Excerpted data:
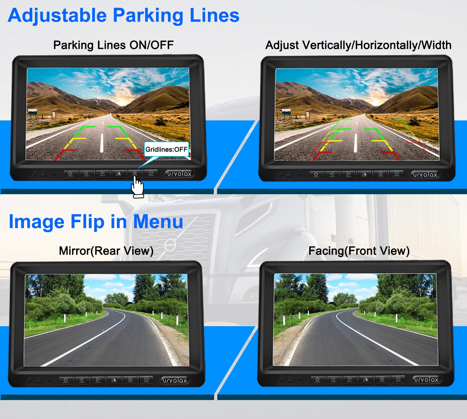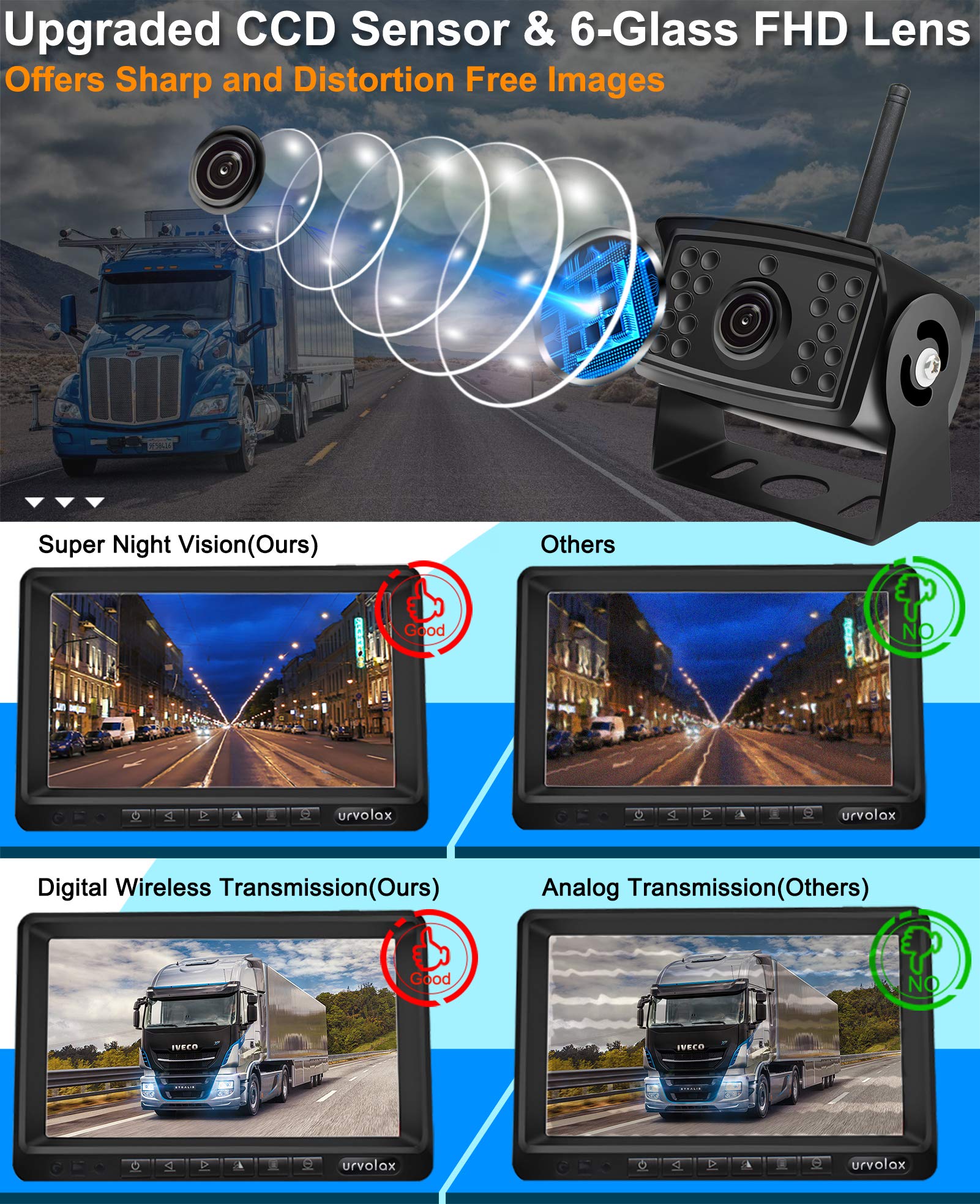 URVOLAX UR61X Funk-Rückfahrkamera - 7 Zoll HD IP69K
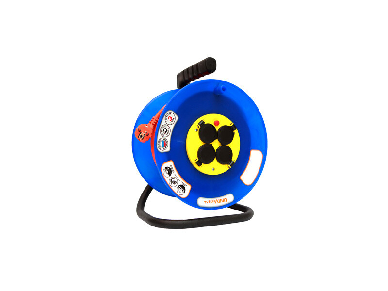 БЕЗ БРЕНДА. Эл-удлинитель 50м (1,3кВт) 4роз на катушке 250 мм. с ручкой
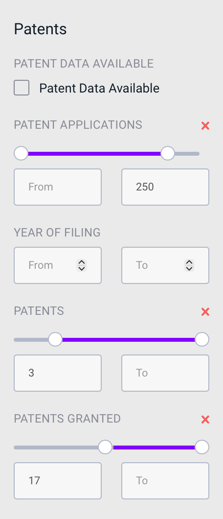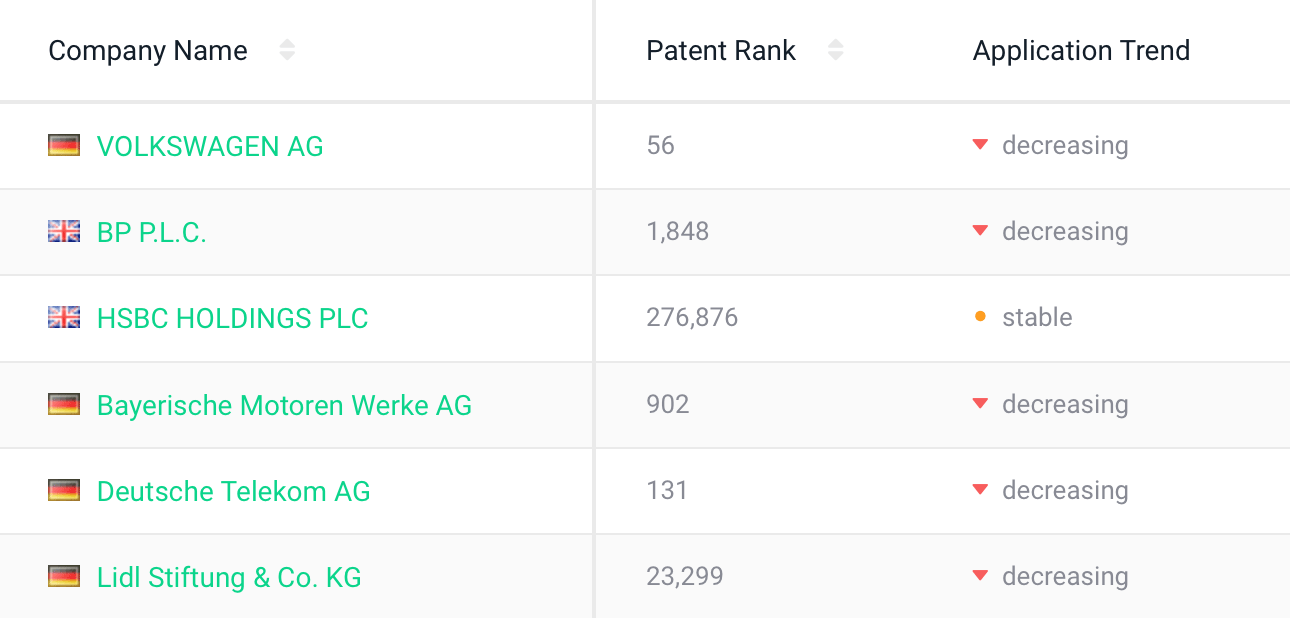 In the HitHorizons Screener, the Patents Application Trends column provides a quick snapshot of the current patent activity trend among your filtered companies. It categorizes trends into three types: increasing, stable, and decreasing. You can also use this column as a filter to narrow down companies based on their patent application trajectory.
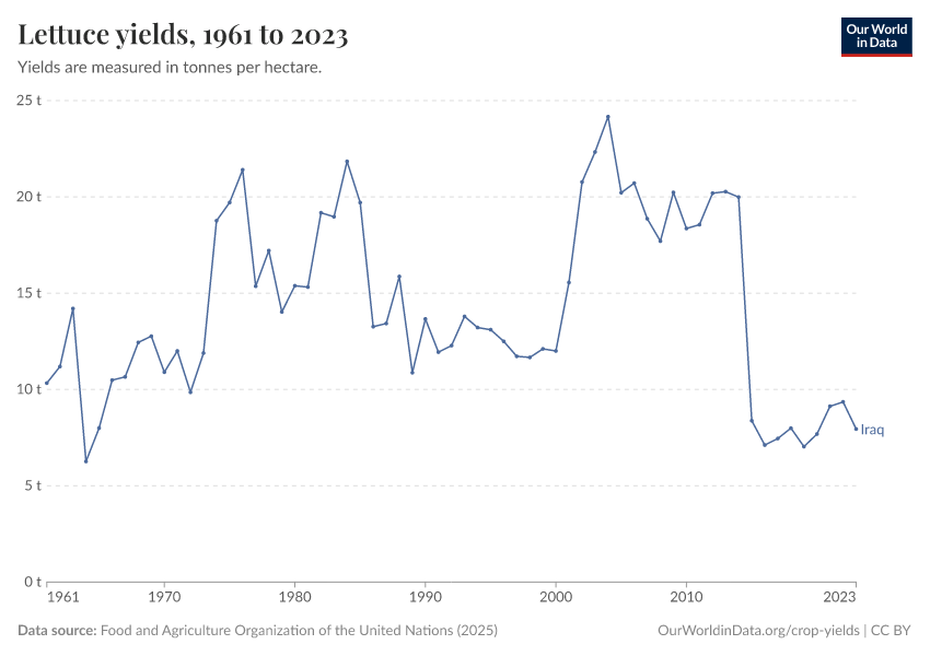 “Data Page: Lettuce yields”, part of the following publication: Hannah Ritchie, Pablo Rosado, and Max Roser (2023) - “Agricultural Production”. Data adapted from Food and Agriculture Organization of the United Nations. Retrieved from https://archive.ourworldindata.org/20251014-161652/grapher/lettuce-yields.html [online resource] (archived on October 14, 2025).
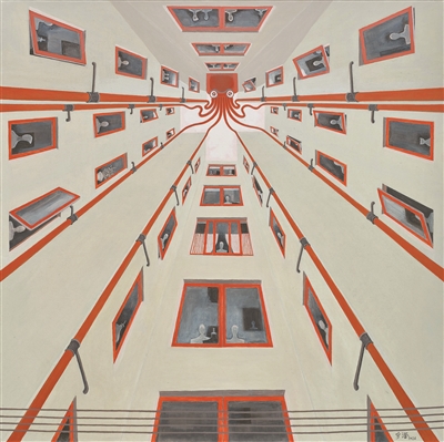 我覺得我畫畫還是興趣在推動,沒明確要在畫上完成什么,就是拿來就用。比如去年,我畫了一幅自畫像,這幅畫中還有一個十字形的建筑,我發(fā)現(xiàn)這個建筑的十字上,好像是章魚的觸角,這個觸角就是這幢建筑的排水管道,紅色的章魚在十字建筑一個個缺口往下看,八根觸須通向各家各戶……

Description of the task: From the line containing "In the HitHorizons" through the end of the entries, quote each line exactly and nothing else, excluding all pictures.

Expected answer:
 In the HitHorizons Screener, the Patents Application Trends column provides a quick snapshot of the current patent activity trend among your filtered companies. It categorizes trends into three types: increasing, stable, and decreasing. You can also use this column as a filter to narrow down companies based on their patent application trajectory.
 “Data Page: Lettuce yields”, part of the following publication: Hannah Ritchie, Pablo Rosado, and Max Roser (2023) - “Agricultural Production”. Data adapted from Food and Agriculture Organization of the United Nations. Retrieved from https://archive.ourworldindata.org/20251014-161652/grapher/lettuce-yields.html [online resource] (archived on October 14, 2025).
 我覺得我畫畫還是興趣在推動,沒明確要在畫上完成什么,就是拿來就用。比如去年,我畫了一幅自畫像,這幅畫中還有一個十字形的建筑,我發(fā)現(xiàn)這個建筑的十字上,好像是章魚的觸角,這個觸角就是這幢建筑的排水管道,紅色的章魚在十字建筑一個個缺口往下看,八根觸須通向各家各戶……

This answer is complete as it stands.